■ **Prompt**:
In the data below, restate exactly the lines from the one with "(photorealistic) tilt shift" to the final line, both included, but not the pictures.

■ **Data for this task**:
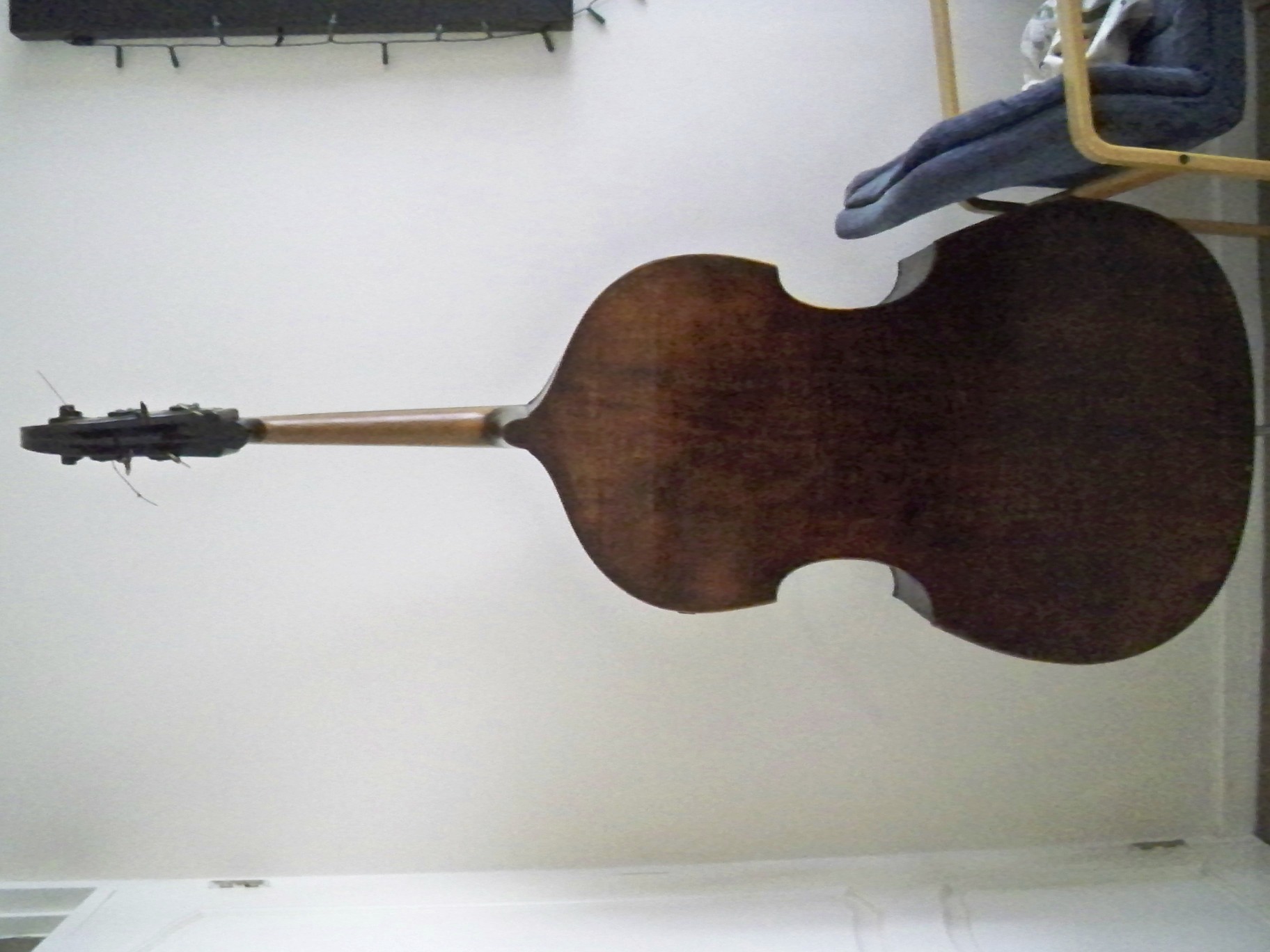 There is a washed out seal or stamp in the back button. I have seen basses like this. If you can make out some of it, maybe I can ID the name.
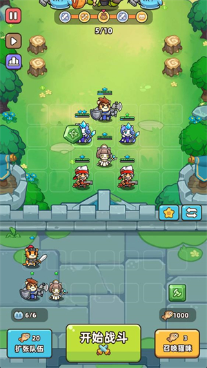 3、召唤完毕后点击开始战斗角色会自动攻击出现的敌人,击败敌人后就可以获得胜利。
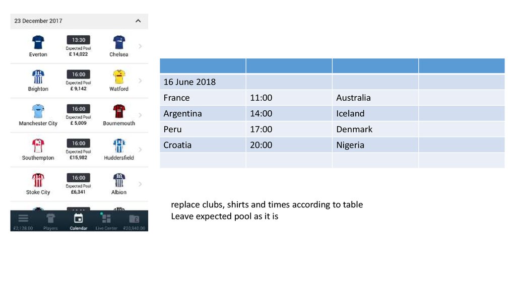 replace clubs, shirts and times according to table
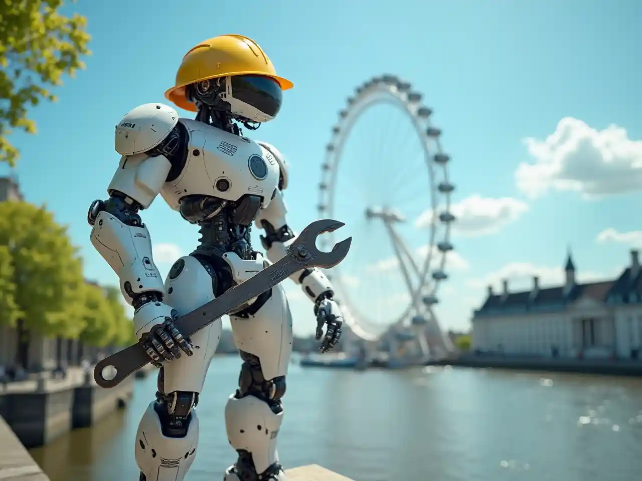 (photorealistic) tilt shift photo of a giant white & yellow robot wearing a hard hat and holding a huge wrench, standing next to the London Eye on the Thames River, vibrant blue sky, bright sunny day, intricate details of iconic structures, shimmering water reflections, lush greenery in the background, dynamic perspective, capturing the essence of London, (8K), ultra-detailed, professional photography techniques, inviting and clear atmosphere, perfect for showcasing the heart of England.
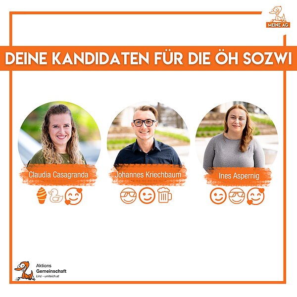 Für die Studienvertretung Sozialwirtschaft kandidieren unsere engagierten AGler mit einer super motivierten Spitzenkandidatin voran. Die Lieblingsemojis unserer Kandidaten findest du im Bild.

■ **Your solution**:
 (photorealistic) tilt shift photo of a giant white & yellow robot wearing a hard hat and holding a huge wrench, standing next to the London Eye on the Thames River, vibrant blue sky, bright sunny day, intricate details of iconic structures, shimmering water reflections, lush greenery in the background, dynamic perspective, capturing the essence of London, (8K), ultra-detailed, professional photography techniques, inviting and clear atmosphere, perfect for showcasing the heart of England.
 Für die Studienvertretung Sozialwirtschaft kandidieren unsere engagierten AGler mit einer super motivierten Spitzenkandidatin voran. Die Lieblingsemojis unserer Kandidaten findest du im Bild.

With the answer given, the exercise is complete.